Another lurch literally jerked me back to reality as the cab leapt over the kerb to make a right turn expressly forbidden by the sign we’d almost obliterated. A blonde office worker, too absorbed in her iPhone to notice the errant ground to air missile, almost got obliterated as well, but jumped back just in time. To my dismay, she dropped the phone whilst trying to clutch her coffee and it shattered on the floor, the glass screen erupting into an impossible number of diamond-like fragments across the pavement. Some say you know you’ve finally grasped a foreign language when you can use it to swear like, well, a taxi driver. I decided not to point out the irony to Terry as the girl hurled spectacular, impeccably formed Anglo-Saxon insults through the window in an Eastern European accent, running into the street to scream after us as we drove away. I felt like the guy in the bank forced to open the vault when the robbers arrive. It’s not my fault. And if we vote to Leave, that won’t be my fault either.

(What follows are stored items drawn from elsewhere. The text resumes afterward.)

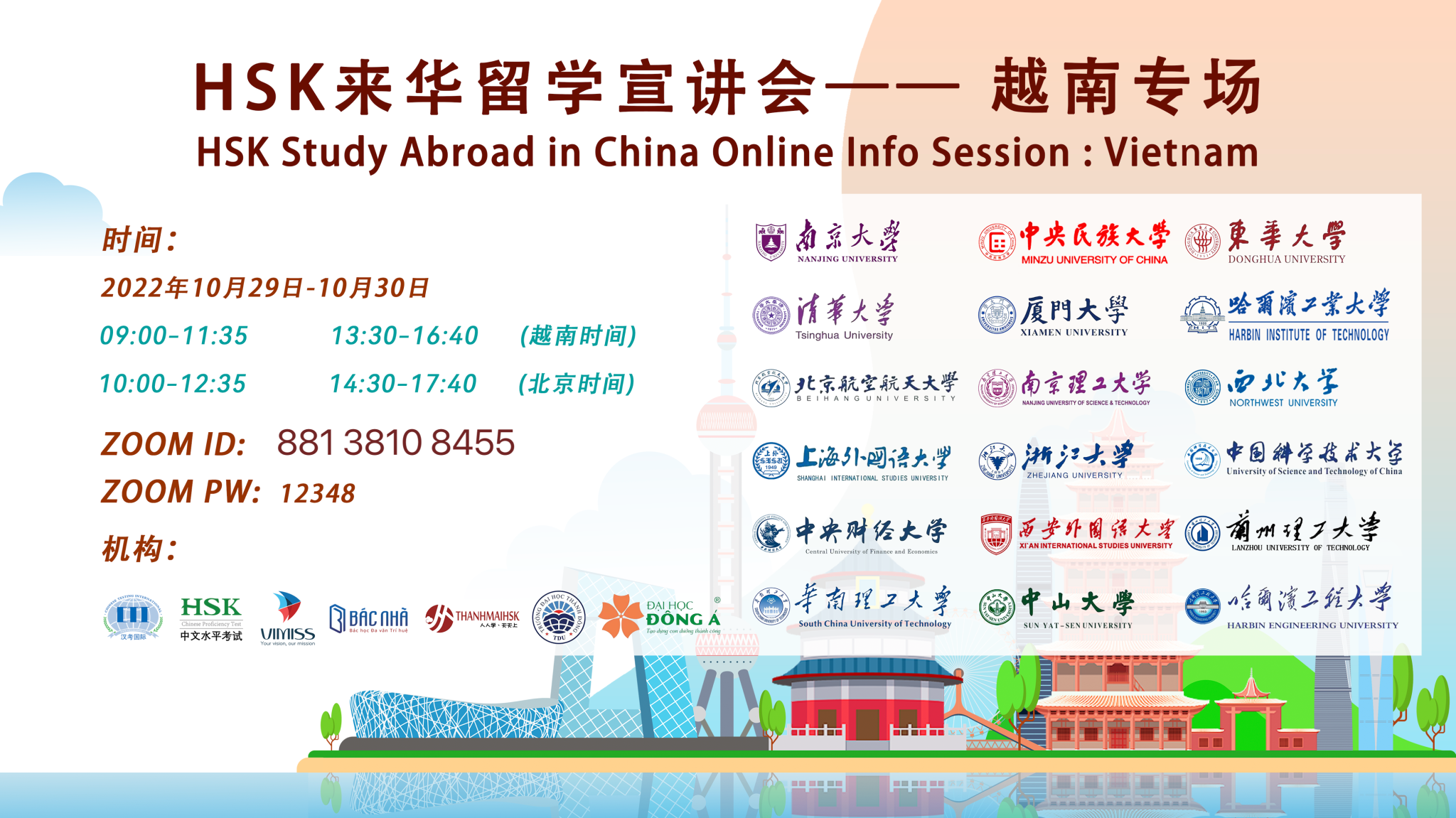 10月29日下午,厦门大学招生办公室、国际中文教育学院/海外教育学院以线上形式参加了2022年HSK来华留学宣讲会(越南专场)。2022年HSK来华留学宣讲会(越南专场)由汉考国际主办,旨在帮助越南的学生全面掌握留学中国的最前沿信息。厦门大学、清华大学、浙江大学、南京大学等18所知名大学参与。
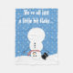 Winter scene of an upside down snowman on a mound of snow with text that says, "We're All Just A Little Bit Flaky..."
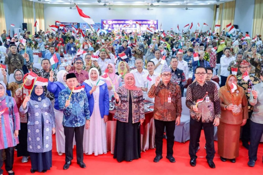 Kibarkan semangat Merah Putih Gubernur Khofifah menyanyikan lagu Bendera. (Ist)

“Jesus, that was close,” I said. “Do you want to stop and see if she’s okay? I think she dropped her phone.”
“Nah, mate. She should’ve been watching where she was going. Shouldn’t even be ’ere. They have plenty of office jobs and iPhones in Warsaw but they come over here nicking ours. And there’s another thing….this one’s the clencher.”
Clincher. It’s the fucking clincher, you fool. I tried hard but it was no use. All I could think of was a pair of fat, white flatulent buttocks, tattooed with the Union Jack, trying to hold some semblance of control above a pristine Armitage Shanks toilet bowl, hand-decorated by Grayson Perry with the golden stars of the EU flag. And then I remembered. There was “another thing” after all, one last, pure and incontrovertible fact from the weekend that I suddenly, desperately, wanted to share with this obnoxious fool.
I leaned all the way forward so I could speak right into the small hole in the glass. He cocked his ear, anticipating that I was going to implore him to reveal the majestic zinger he’d been nurturing like a prize fart all the way from Heathrow. But instead, I gave him a zinger of my own that I’d learnt from a marine biologist friend in the Catalan hills.
“Did you know that a killer whale’s penis is eight feet long and that when he ejaculates, he’s also trying to flush his mate of all the sperm other males might have left behind in her vagina?”
I laughed gaily. “Just imagine it hitting you in the face? A few hundred litres of whale jizz! It would be like being soaked by a riot cannon! You’d be like the England rugby team (a nice patriotic touch, I thought). Beaten by whales! Get it?”
For a second, there was silence, then a subterranean growl filled the cab, like the sound of a tube train arriving into a crowded station.
“Euuuuuuuuuuuugh! That is fucking disgusting!”
He got it, alright. Deeply offended, Terry recoiled from the glass as if it were a glory hole through which eight feet of pristine cetacean manhood might come poking through at any moment. He gave me a final, strange, queasy look then gripped the steering wheel tightly and stared firmly forward into space. We did not take any more short cuts. And the fare was just over one hundred pounds by the time we reached St. Paul’s.
But he did not utter so much as a syllable throughout the rest of our journey. Black cabs have a reputation for being expensive but this felt like a bargain.
The Queen may be a Brexit supporter but her son is the Prince of Wales. I’d like to think there is an omen in that, after all.